Metrics with Micrometer
Since 1.9.0 the optional artifact fixedformat4j-micrometer instruments fixedformat4j with
Micrometer, the metrics facade used by Spring Boot Actuator, Quarkus,
Micronaut, and plain Java applications. The core fixedformat4j artifact is unchanged and gains
no dependencies — when the module is absent there is zero cost.
Add the dependency
<dependency>
<groupId>com.ancientprogramming.fixedformat4j</groupId>
<artifactId>fixedformat4j-micrometer</artifactId>
<version>1.9.0</version>
</dependency>
implementation 'com.ancientprogramming.fixedformat4j:fixedformat4j-micrometer:1.9.0'
Wiring
All instrumentation is decorator-based via FixedFormatMetrics:
MeterRegistry registry = ...; // any Micrometer registry
FixedFormatMetrics metrics = FixedFormatMetrics.of(registry);
// instrument a manager — load/export timers, parse-error counter, class gauge
FixedFormatManager manager = metrics.instrument(new FixedFormatManagerImpl());
// instrument file processing — inject the manager and wrap the reader strategies
FixedFormatReader reader = FixedFormatReader.builder()
.manager(manager)
.addMapping(CustomerRecord.class, LinePattern.prefix("C"))

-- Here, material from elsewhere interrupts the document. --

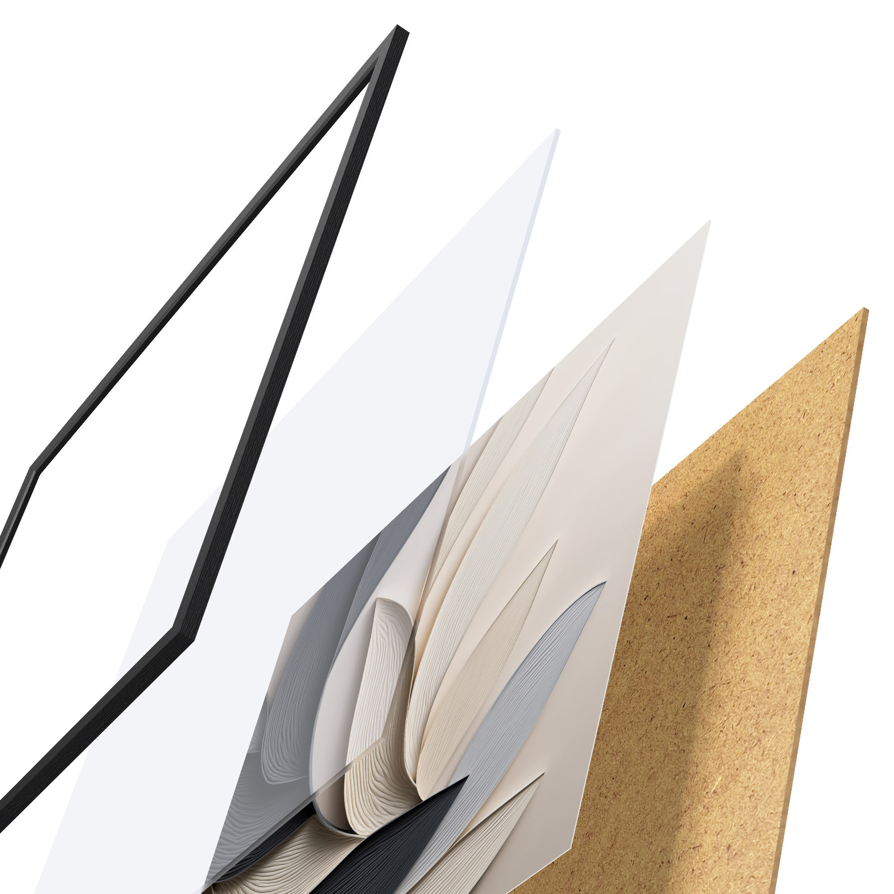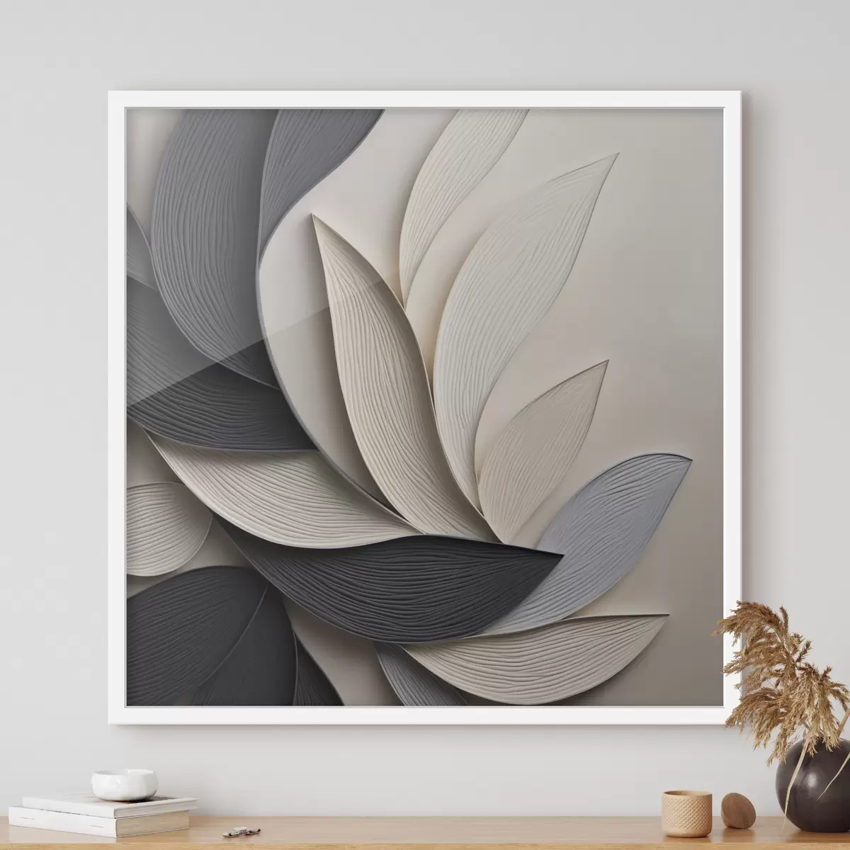 Poster Composition abstraite de feuilles superposées, de formes courbes en noir, blanc et beige, œuvre d'art texturée Nr f48381

.excludeLines(metrics.countLines(line -> false)) // counts every processed line
.unmatchStrategy(metrics.countUnmatched(UnmatchStrategy.skip()))
.parseErrorStrategy(metrics.countParseErrors(ParseErrorStrategy.skipAndLog()))
.build();
In Spring Boot, expose the instrumented manager as a bean — Actuator provides the
MeterRegistry:
@Bean
public FixedFormatManager fixedFormatManager(MeterRegistry registry) {
return FixedFormatMetrics.of(registry).instrument(new FixedFormatManagerImpl());
}
Published meters
| Metric | Type | Tags | Meaning |
|---|---|---|---|
fixedformat.load |
timer | record.class |
Duration of each load() call |
fixedformat.export |
timer | record.class |
Duration of each export() call (both overloads) |
fixedformat.parse.errors |
counter | record.class, field |
ParseException occurrences (the exception still propagates) |
fixedformat.reader.lines.processed |
counter | — | Lines read, including excluded and unmatched ones |
fixedformat.reader.lines.unmatched |
counter | — | Lines matching no registered LinePattern |
fixedformat.reader.lines.errors |
counter | — | Lines that matched but failed to parse |
fixedformat.metadata.cache.classes |
gauge | manager.instance |
Distinct @Record classes processed through the instrumented manager |
A spiking fixedformat.parse.errors rate is a leading indicator of upstream format drift —
exactly the class of problem fixed-width integrations otherwise suffer silently.
Double-count with reader wiring: when the reader’s manager is instrumented (as in the wiring
example above) and countParseErrors is used, a parse failure on a matched line increments
both fixedformat.reader.lines.errors (coarse, line-level) and fixedformat.parse.errors
(granular, tagged by record.class + field). This is by design — the two meters answer
different questions — but operators should not sum them to count total failures.
Gauge semantics: the library’s internal metadata cache is ClassValue-based and deliberately
not enumerable (it must never pin classloaders in hot-reload environments), so the gauge counts
the distinct record classes observed by the instrumented manager instance — the measurable
equivalent of “classes currently cached” for the normal one-manager setup. The tracking set
holds classes weakly for the same classloader-safety reason: record classes that become
unreachable (e.g. after a hot-reload) drop out of the count. Each manager publishes its own
gauge, disambiguated by the manager.instance tag, so several instrumented managers can share
one registry.
Performance
Meters are resolved once, not per call: the instrumented manager caches its timers per record
class (in a GC-safe ClassValue, so cached timers never pin a record class’s classloader), and
the reader wrappers resolve their counters when the wrapper is created. The steady-state cost
per load()/export() is therefore just the timer sample — two System.nanoTime() calls —
plus a set lookup for the gauge; per reader line it is a single counter increment. Measured with
the JMH benchmark in the benchmarks module (-P micrometer-bench), the instrumented manager
adds on the order of tens of nanoseconds per operation. Uninstrumented code paths and
applications without this module are completely unaffected.